William Wierda, MD, PhD: Mutations in BTK and PLC-gamma-2 are seen in patients who are developing clinical resistance. I think one concept is monitoring for those mutations, and if that’s important, then I wonder if Dr Ma, you can give us your thoughts on monitoring for mutations, whether we should be doing that, and when testing for mutations in BTK and PLC-gamma-2 might be helpful and informative for us.

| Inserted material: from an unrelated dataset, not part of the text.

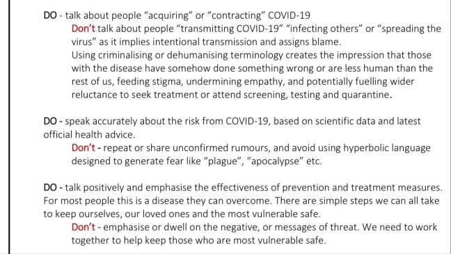 and the WHO was putting out guidelines to avoid stigmatizing people who got covid…

Shuo Ma, MD, PhD: I think clinically just finding a small amount of mutation doesn’t necessarily need to change your management. But if I’m seeing a patient for whom I have some suspicion that there might be disease progression, for example, if a patient had previously been very well controlled for a number of years and all of a sudden is starting to have rising white cells or maybe borderline size lymph node that’s starting to get a little bit bigger, it’s not a very clear progression yet, but I’m sensing something is happening. I think that’s the time that’s most helpful to me to send a mutation analysis. And if I do see a mutation being present, for example, the BTK C481S mutation or the PLC-gamma-2 mutation, I’ll have a very high level of suspicion, I’ll be planning my next step. I don’t necessarily need to switch treatment if there’s no overt clinical progression, but I will have my next step ready when the time comes.